The Homestead Town Hall, also known as the Redlands District Chamber of Commerce, is the original town hall for the Town of Homestead, built in 1917 Homestead, Florida. It is located at 41 North Krome Avenue. On November 7, 1997, it was added to the U.S. National Register of Historic Places.

The building was originally two separate buildings that date to 1917 and 1924, which were subsequently connected. It was the first municipal building in Homestead. This property is part of the Homestead Multiple Property Submission.

The Historic Homestead Town Hall Museum is located in the Homestead Town Hall. The museum features photos, artifacts and films about the city's history.
==History and description==
In 1913, Homestead, Florida, was incorporated. The city government hired architect H. Hastings Mundy to design a town hall, whose projects also included several schools and a church in Miami, some of which are listed on the National Register of Historic Places (NRHP). The Homestead Town Hall remains the only known commission for Mundy in the town. John F. Umphrey became the contractor after bidding slightly more than $4,000. He also had experience with building local structures. Umphrey and Mayor Russell F. Tatum signed the contractor in February 1917, which included a 90-day deadline. However, this project would not be finished until August.

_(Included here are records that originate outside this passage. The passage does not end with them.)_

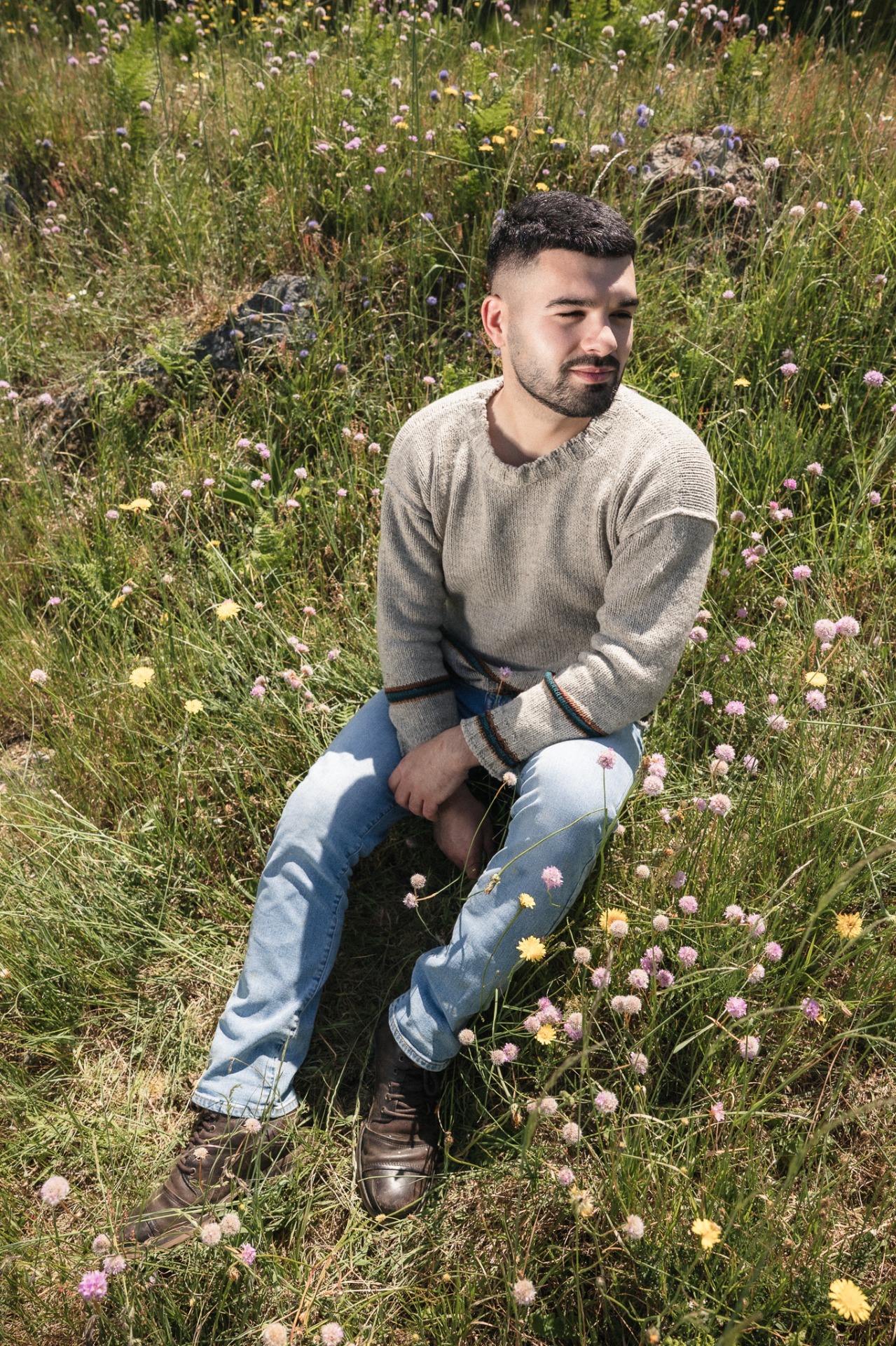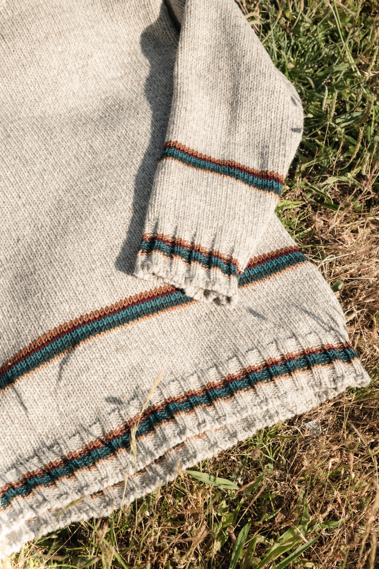 Camisola em lã de ovelha, cor natural mesclado com detalhes de riscas colorida.
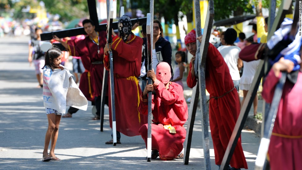 Filipinas: Aquí si, aquí se han ido al otro extremo. Ya desde los tiempos de su pertenencia a la corona española en el siglo XVIII se realizaban procesiones sin faltarles un detalle, con penitentes, pasos, cristos, cruces guía, monaguillos pizpiretos… menos nazarenos, de todo había. Con abundante color local y su particular manera de adorar las imágenes (mayormente, subiéndose a los transportes y achuchando a los cristos como si fueran amigotes de farra). Actualmente, no sólo hay una evidente exhibición de los ritos y la profesión de la fe -con procesiones multitudinarias y que dejan pequeños los follones del Rocío sevillano-, sino que en los años 50 empezaron a hacer representaciones teatralizadas de la Pasión al estilo Cervera, Senaluko (con la variante Pabása, en la cual se hace una representación cantada y bailada). Les gustó tanto, tanto, tanto lo de “en vivo y en directo” que en 1962 crucificaron de verdad a un voluntario. Bueno, matarlo, matarlo, no se lo cargaron, porque no tenían la certeza de su resurrección el domingo. Desde entonces todos los años hay voluntarios (también mujeres) que se apuntan a lo de sufrir algunos o todos de los martirios de Cristo, incluyendo lo de clavarlo en la cruz. Y alguno ha repetido, aunque el mas longevo dice que casi mejor piensen en irlo sustituyendo porque ya se ve muy mayor. La Iglesia oficial se espanta, los obispos se tiran de los pelos, los encargados de la salud pública entran en crisis de nervios… pero cada vez hay mas gente encantada con el asunto. Para los turistas que venimos de fuera es algo entre la fascinación y el morbo (“esageraos son por allí, pero que buenas foticos tengo”) pero allí se lo toman MUY en serio. Apostaría doble contra sencillo a que es un tema que tiene que ver con algún ritual ancestral que ha resurgido al olor del incienso
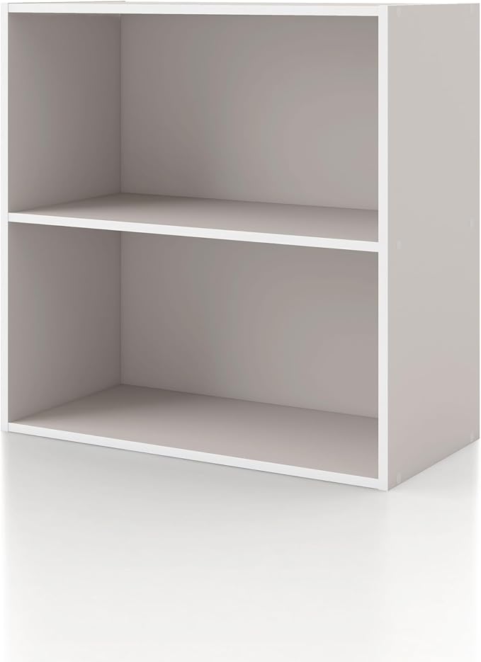 Apexa 2-Tier Cube Storage Organizer Shelves, Stackable Wood Bookcase Fits Cubby Bins for Organization, Dorm Teen Room Decor & Home Office, Greige
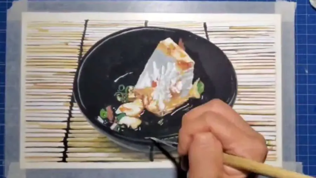 通常在畫畫創作的時候,都是把作品畫出結果就結束了,不過山田 めしが 並不是這樣做,它將碗裡的豆腐畫出來之後,卻繼續提筆,畫出豆腐被一口口吃掉的過程,最後碗裡的豆腐也被吃個精光,不少網友也讚嘆這樣的表現方式前所未見。
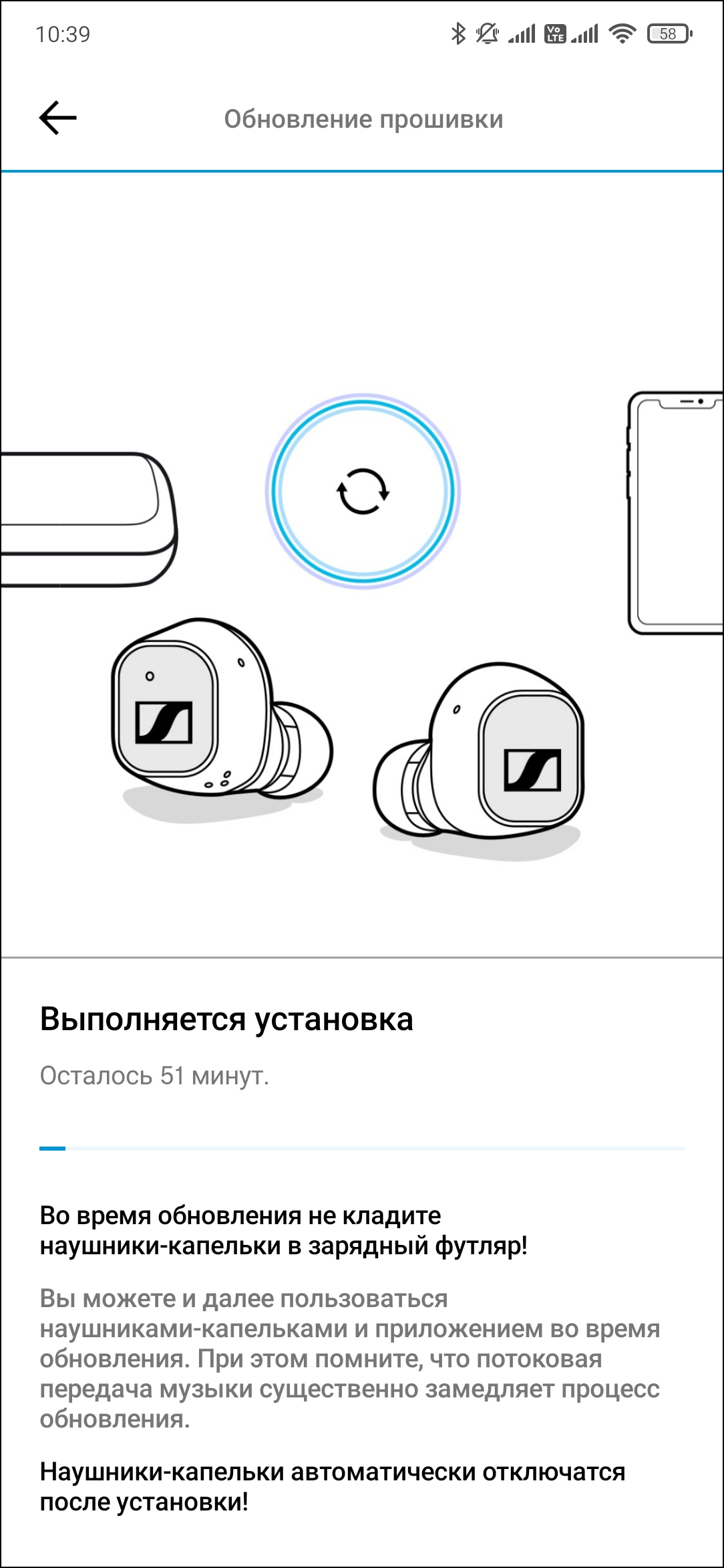 Далее приложение проверяет наличие обновлений встроенного ПО гарнитуры. Если они есть — предлагает установить. Процесс это небыстрый: судя по обратному отсчету на экране, он должен был занять аж 51 минуту. На деле получилось быстрее, но ненамного — уложились в 43 минуты.
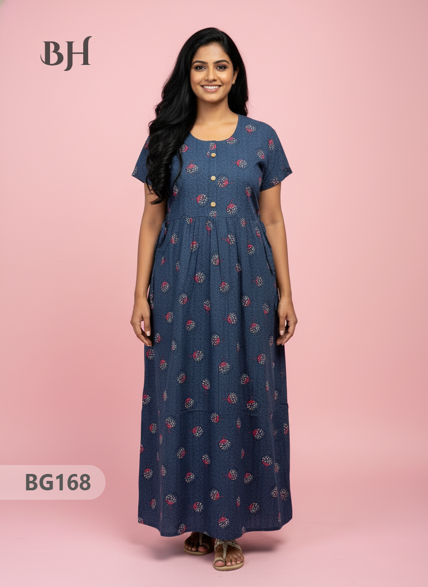 100% Cotton (Soft) Free Size → up to Bust 44" (2XL) Height (Dress Length): 53" Easy Care • Machine Washable

Opening in 1917 at 43 Krome Avenue, the town hall is a two-story masonry vernacular-style structure containing approximately 7000 sqft. Seven years later, the Redlands District Chamber of Commerce completed a second building adjacent to the town hall. A small structure, it is one-story in height and on a concrete foundation, while also featuring a flat roof. Thus, the town hall is sometimes referred to as the Redlands District Chamber of Commerce. At some point, the two separate buildings were connected. It was both Homestead's first town hall and first municipal building.

This structure remained Homestead's town hall until 1975, with a new city hall dedicated at 790 N. Homestead Boulevard on November 23. In 1980, local merchants lobbied for and the city council approved a plan to demolish the 1917 town hall in favor of more parking along Krome Avenue. However, strong opposition from the public, who collected about $61,000 to restore the building, and a state grant of $173,363 for the same purpose led to its demolition being canceled.

Major restoration work occurred to the building in 1991 and 1992. However, not long after, Hurricane Andrew devastated Homestead, including the Homestead Town Hall. The 1993 session of the Florida Legislature approved a bill for grants for 11 historic sites to repair damages from Andrew, with the Homestead Town Hall receiving $35,873. Repair work included the restoration of the ceiling and the replacement of the original trusses with Dade County pine. On November 7, 1997, the Homestead Town Hall was added to the NRHP. This property is part of the Homestead Multiple Property Submission, also known as the Historic Resources of Homestead, Florida.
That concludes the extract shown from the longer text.